==== Recorded data ====
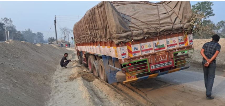 जानकारी के अनुसार, ट्रक गुवाहाटी से सामान लेकर आंध्र प्रदेश की ओर जा रहा था। चालक याम सोलबाम ने बताया कि मदारीहाट एशियन हाईवे की ओर जाने के बजाय वह गलती से फालाकाटा की तरफ आ गया। रात करीब तीन बजे बालुरघाट इलाके के पास सामने से आ रहे वाहन को साइड देने के दौरान सड़क किनारे डाली गई ढीली मिट्टी में ट्रक का पहिया धंस गया। वहां सड़क किनारे डंपरों से मिट्टी डालने का काम चल रहा था, जिससे सड़क बेहद संकरी हो गई थी।
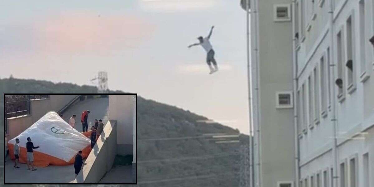 Yetkililer İsmail C. Adlı öğrenciyi ikna ettiler ve ögrenci AFAD’ın kurtarma Yastığına atladı.
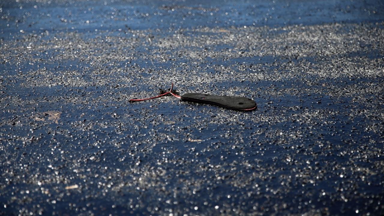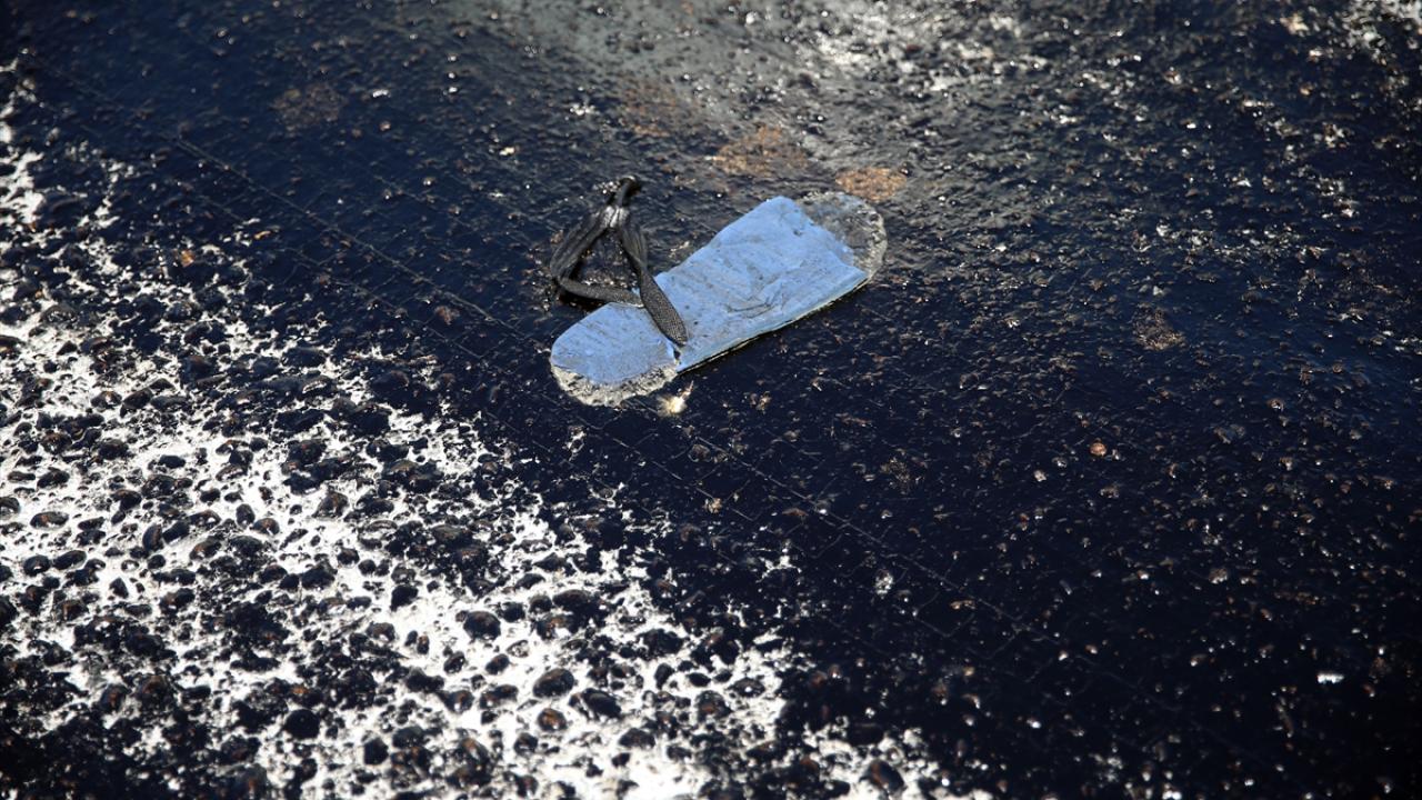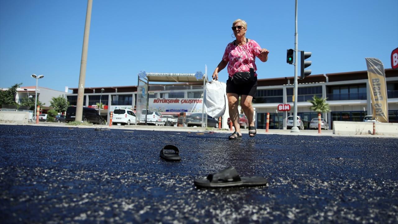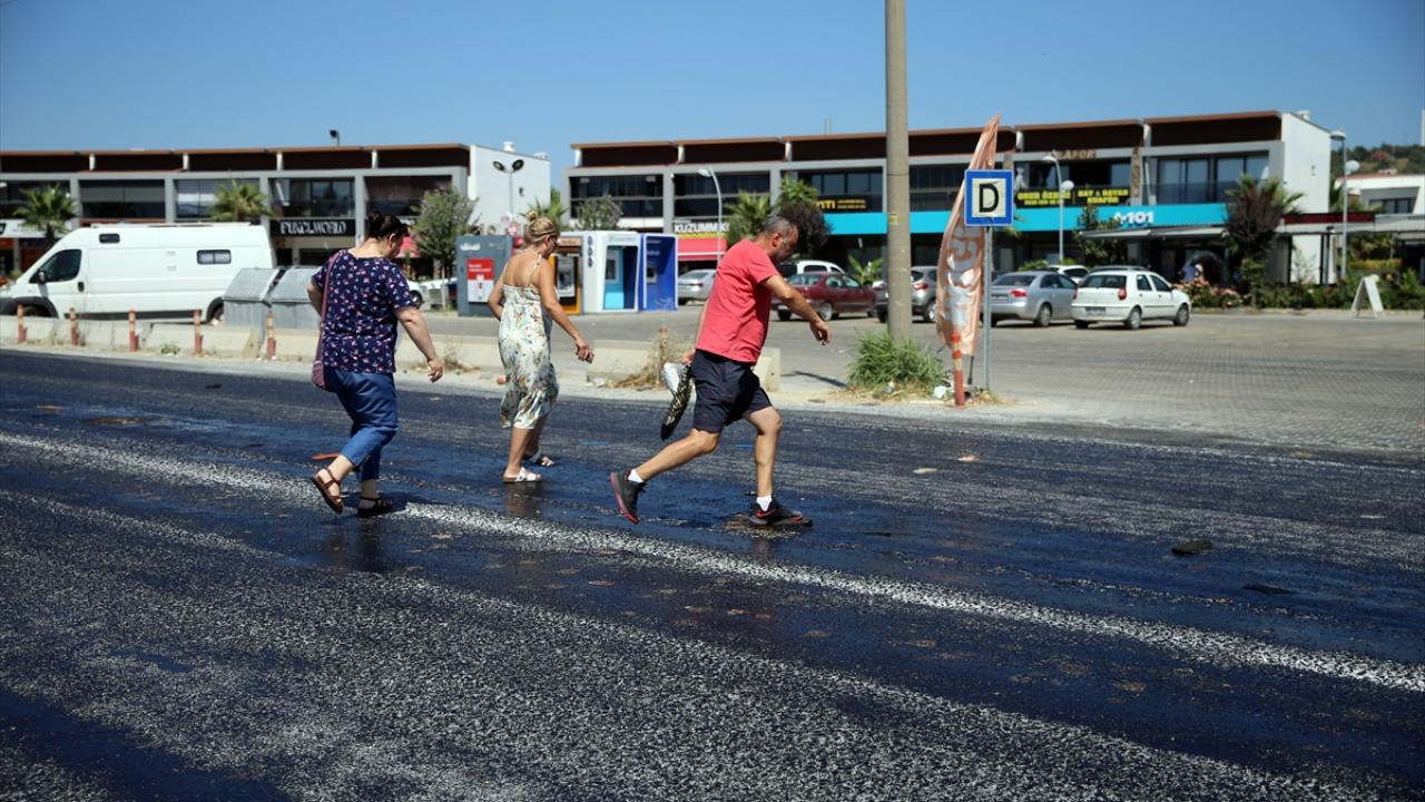 Kuşadası’nda Davutlar yolunda asfalt eridi. Eriyen asfalttan yolun karşısına geçmek isteyen vatandaşlar, zor anlar yaşadı. Bazı vatandaşların terliği, eriyen asfalta yapıştı.
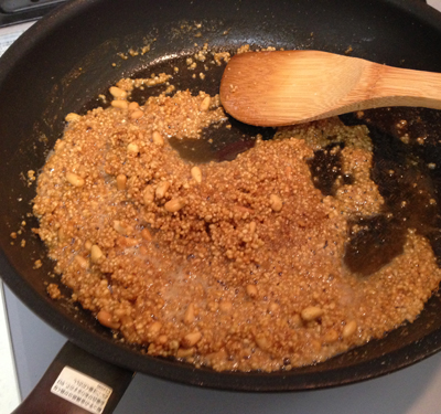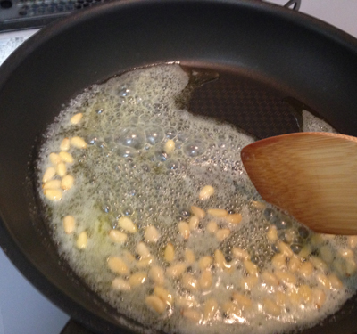 ・バターをフライパンで温め、松の実を加えて弱火で炒めます。
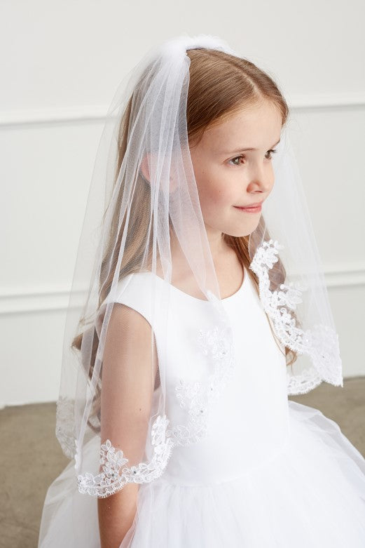 Girls Scalloped First Communion Veil with a Lace Applique Trim. on comb.
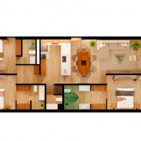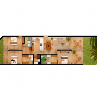 El modelo Turquesa se caracteriza por tener 3 habitaciones, cada una con baño. Existe la opción garden que tiene un espacio de jardín privado y piscina privada por una diferencia de precio.
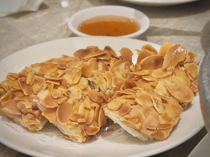 香酥的杏仁脆片包裹著金黃的外皮,內餡更是讓人驚喜,結合了猴頭菇、山藥與芋泥,口感豐富又層次分明
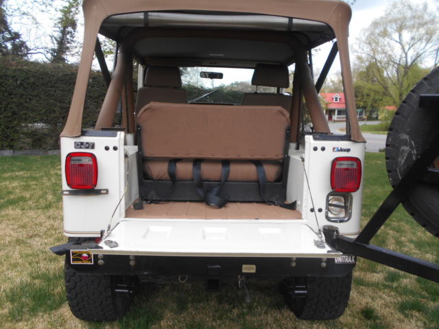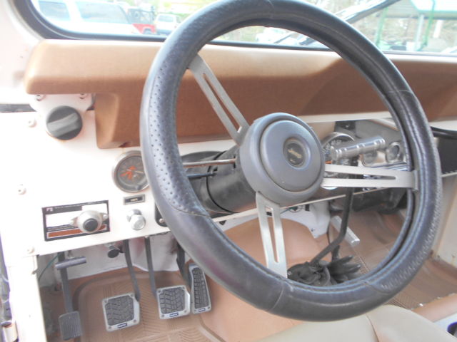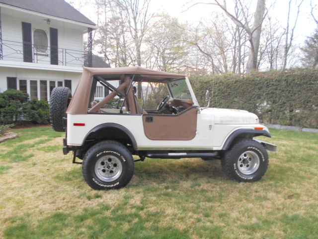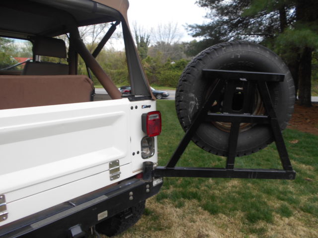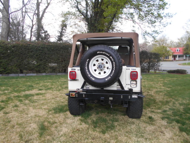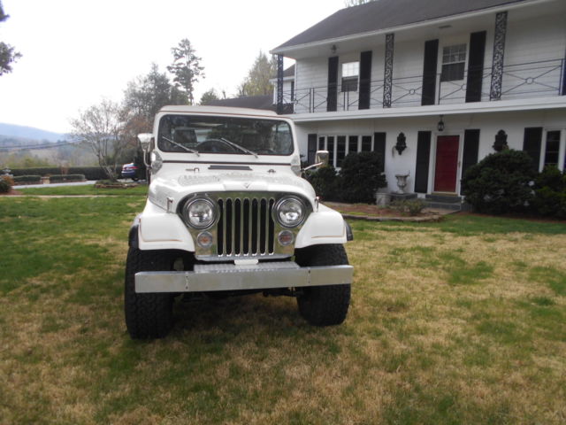 For sale a 1979 Jeep CJ7 with a golden eagle emblem. This Jeep has a tach, clock, and has 27,761 miles on it since it was restored. It was restored by the owner of our local Chevrolet Dealership, 18 years ago. Matter of fact I told him that I had bought this jeep, and he came and looked at it, and told me to the extent that he had built it. When he first got the jeep over 18 years ago, it was a tan Jeep with a gold eagle emblem, and he wanted it to be white. Not long after he restored it, he sold it to another gentleman who is a friend of mine, and lives here local in our town, who only kelp it for a short of time. He sold it to another friend of mine, which is a North Carolina State Patrol Officer, and he had it for 15 years. Actually he bought it for his wife, had always promised that he would give me first shot, if they ever sold it. The Jeep is a 304 4speed., as you can see the body is sound, and it is mechanically great. I would drive it to California in the morning. You can see that it has a 3 inch lift kit, that was done right, and the tires are almost new, mounted on champ 500 aluminum wheels. If you are a Jeep lover of the 70s and 80s you know these were the wheels of the day. You will note that the front bumper is aluminum, and has an aluminum brush guard, I personally didn't like the look, but it will go with the jeep. The top is in very good shape, the side curtains are all very good, and the plastics are good. Particular that the top is over 15 years old. Which lets you know that the Jeep has been garage kelp since the restoration. As all the year model Jeep the front steering has a little bit of play. Just a beautiful Jeep. There are a 3 or 4 places that the paint has bubbled. This is not a rusty Jeep, this is a good Jeep. I thought I really wanted to keep it, but I just don't need it. Good Luck bidding, you will be happy. We reserve the right to remove this vehicle from the auction at anytime, due to it is on a car lot for sale.
====
Your objective:
Out of the records above, please copy exactly the lines from the line with "Girls Scalloped First" up to and including the line with "香酥的杏仁脆片包裹著金黃的外", minus the pictures.

Answer to this task:
 Girls Scalloped First Communion Veil with a Lace Applique Trim. on comb.
 El modelo Turquesa se caracteriza por tener 3 habitaciones, cada una con baño. Existe la opción garden que tiene un espacio de jardín privado y piscina privada por una diferencia de precio.
 香酥的杏仁脆片包裹著金黃的外皮,內餡更是讓人驚喜,結合了猴頭菇、山藥與芋泥,口感豐富又層次分明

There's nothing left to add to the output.